As for the speed of progress, although data acquisition is a challenging task, computing power is on the rise, chips are advancing, and the entire ecosystem is maturing. The data suppliers we're currently collaborating with didn't even exist three years ago. Synthetic data has indeed played a crucial role, and the models we're building will, in turn, contribute data to the simulated world, creating a flywheel effect.
Regarding general - purpose robotics, it can be summed up in a few sentences, but implementing it is an incredibly daunting task. I've been running a robotics lab at Stanford for over a decade. As a scientist, I have to admit that this is an extremely difficult problem. Just because we can see the North Star doesn't mean the journey will be short. Looking back to 2006, my colleagues and I led a team that created the first self - driving car to travel 138 miles in the desert. At that time, we predicted that self - driving cars would be widespread in 20 years. It wasn't until last year that Waymo began large - scale operations on city streets. It's truly been a long and arduous journey.
The difference between cars and robots is significant. A car can be seen as a square - shaped robot moving on a two - dimensional plane, with the primary goal of avoiding collisions. A robot, on the other hand, is a three - dimensional entity operating in a three - dimensional world.
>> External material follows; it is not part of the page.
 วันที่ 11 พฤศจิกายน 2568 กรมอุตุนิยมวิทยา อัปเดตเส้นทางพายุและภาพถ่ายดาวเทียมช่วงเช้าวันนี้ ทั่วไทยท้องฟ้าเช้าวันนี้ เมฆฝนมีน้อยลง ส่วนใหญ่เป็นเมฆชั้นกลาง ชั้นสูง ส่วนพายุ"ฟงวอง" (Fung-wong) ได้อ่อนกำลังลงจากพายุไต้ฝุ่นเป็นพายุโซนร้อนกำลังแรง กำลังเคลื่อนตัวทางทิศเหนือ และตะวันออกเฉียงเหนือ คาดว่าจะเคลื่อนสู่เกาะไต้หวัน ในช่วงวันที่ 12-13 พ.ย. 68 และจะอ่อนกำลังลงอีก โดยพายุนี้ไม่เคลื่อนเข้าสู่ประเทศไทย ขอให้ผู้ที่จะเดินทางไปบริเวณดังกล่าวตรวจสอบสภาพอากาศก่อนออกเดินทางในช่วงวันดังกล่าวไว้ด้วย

The goal of a general - purpose robot is to interact with objects without causing any damage. This is a higher - dimensional problem, compounded by the extreme difficulty of hand simulation, visual precision, and spatial understanding. That's precisely why I founded World Labs. I'm not a fan of making over - the - top promises, but this is indeed a significant problem that we're committed to solving.
Moderator: Finally, for business leaders, how should they view world models, physical AI, and the entire field you're working on?
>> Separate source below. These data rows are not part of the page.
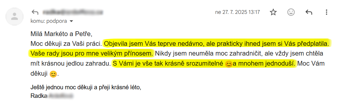Potřebujete poradit se zahradou nebo s pečením? Máme s Petrem dohromady více než 30 let zkušeností. Umíme dohledat v angličtině i v odborných zemědělských dokumentech. Nesedíme u počítače a nekopírujeme texty dokola z článku do článku. Veškeré informace si důkladně ověřujeme a zkoušíme sami na naše náklady, na naší zahradě nebo na našich receptech.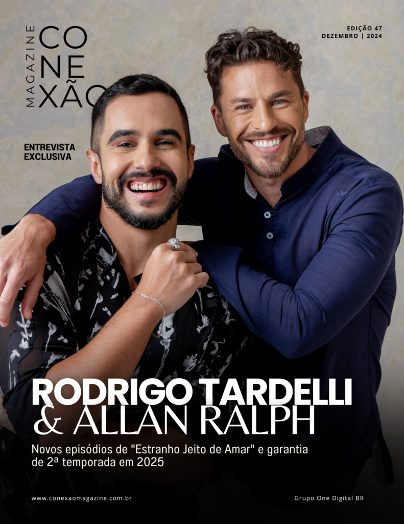 Prestes a estrear no YouTube com os novos episódios especiais de fim de ano de “Estranho Jeito de Amar”, os atores Rodrigo Tardelli e Allan Ralph estampam a nossa nova capa digital. Após o sucesso da primeira temporada, que já soma mais de 3 milhões de visualizações no YouTube, a série ganha uma breve continuação que promete aprofundar um pouco mais a história de Gael (Rodrigo Tardelli) e Noah (Allan Ralph). A nova fase estreia dia 12 de dezembro, no YouTube.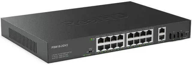 Poe switch with 802.3af/at compliant16-Ports 10/100/1000 switch with 2*Gigabit RJ45 Ports and 2 SFP ports, providing up to 30W per port and total PoE power budget of 300W. The 2 uplink ports can be connected to different networks or devices, such as routers, NVRs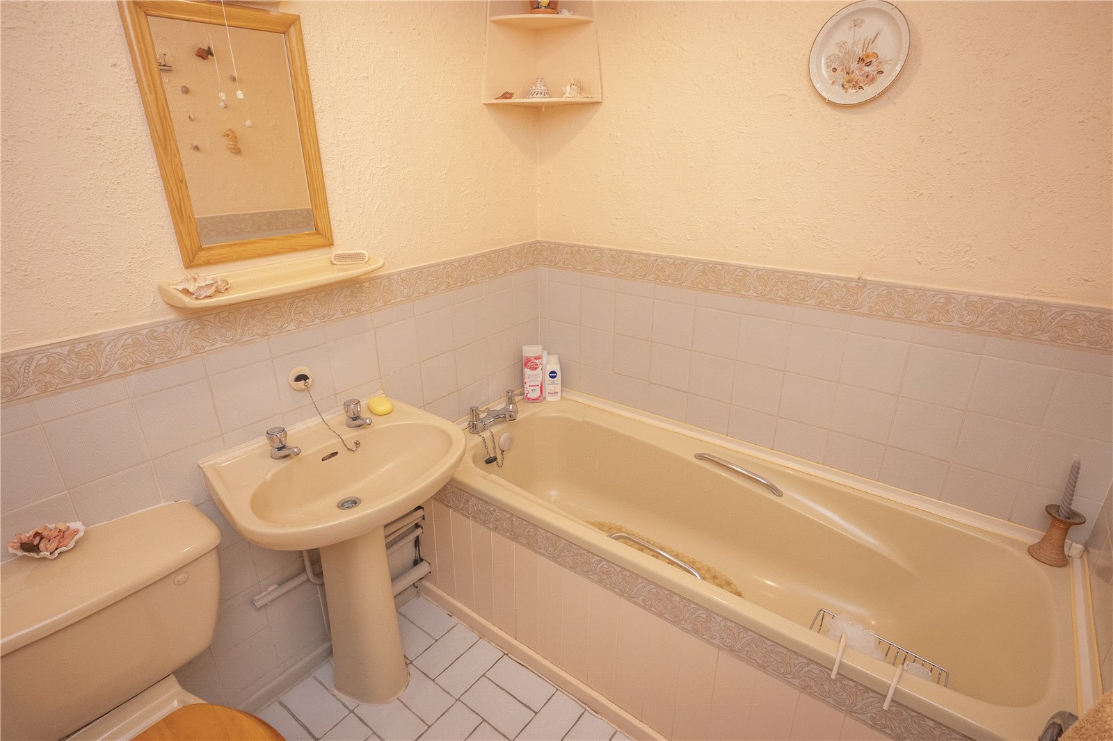 The bathroom has a coloured suite with tiled splash backs, tiled floor and heated towel rail.
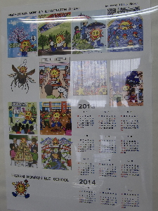 東本郷小学校には「ひがほん」と言うとっても可愛いキャラクターがあります。全校生徒がすぐに描けるほど愛され親しまれています。行事などに登場する着ぐるみもあるとか。この素敵なカレンダーは藤城守副校長先生のイラストです。 |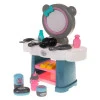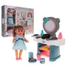 Туалетний столик оснащений дзеркалом з підсвічуванням і звуковими ефектами у вигляді мелодій , що створює неповторну атмосферу під час гри. У ляльки м'яке личко, рухливі ручки та ноги , а волосся ідеально підходить для розчісування. У набір входять різноманітні аксесуари для догляду та укладання - мильниця, ємності для мазі та пудри, флакони для духів, щітка, гребінець, дзеркало та фен.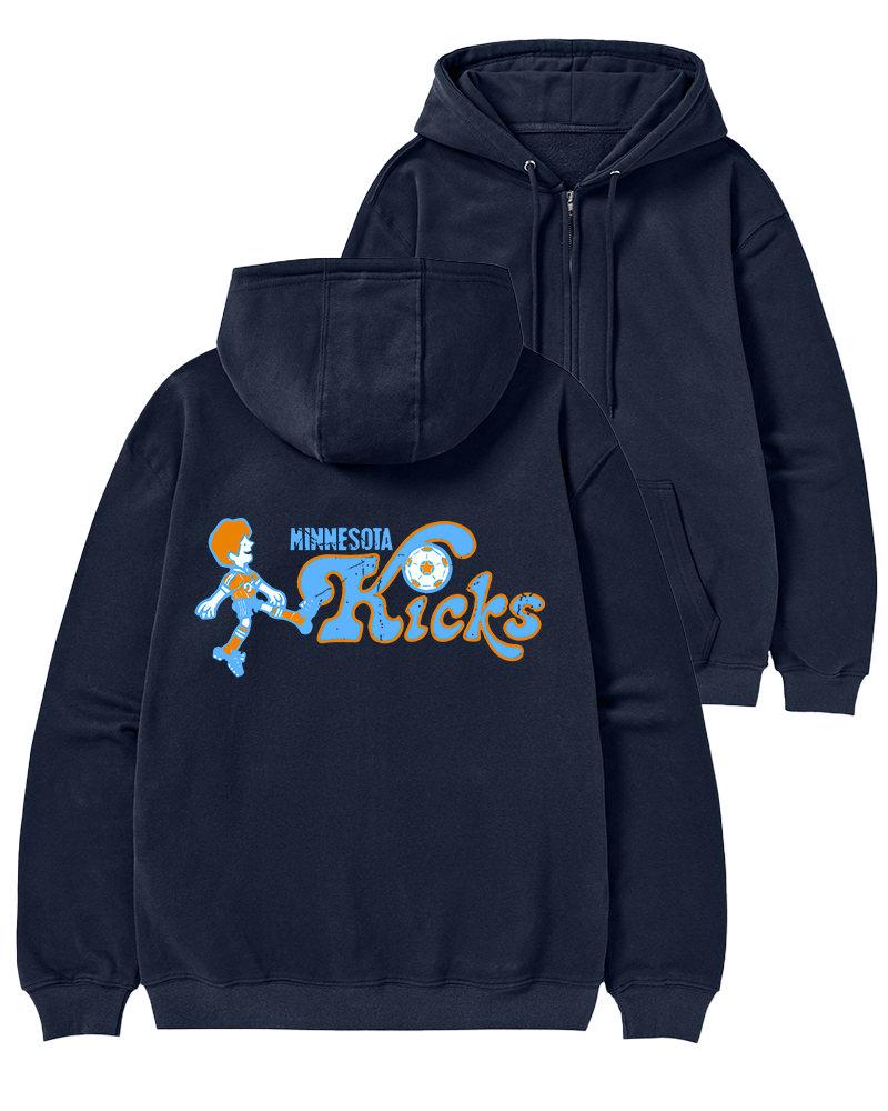 TheRetroTee Minnesota Kicks Soccer Zip-Up Hoodie

Fei - Fei Li: Although sometimes my mindset still feels like that of a graduate student, thinking that there must be free food (a light - hearted nod to the perks often associated with academic life), for businesses, World Labs is very open to communicating with partners. World models and spatial intelligence are horizontal technologies. We often talk about robotics, simulation, and immersive interactive entertainment, but the applications aren't limited to just these areas. We haven't even scratched the surface when it comes to healthcare, educational products, field services, financial services, agricultural manufacturing, warehousing inspection, and urban planning. There's a vast array of possibilities with spatial intelligence. This is indeed the next frontier, and I invite everyone to join this journey, whether by collaborating with us or conducting independent research.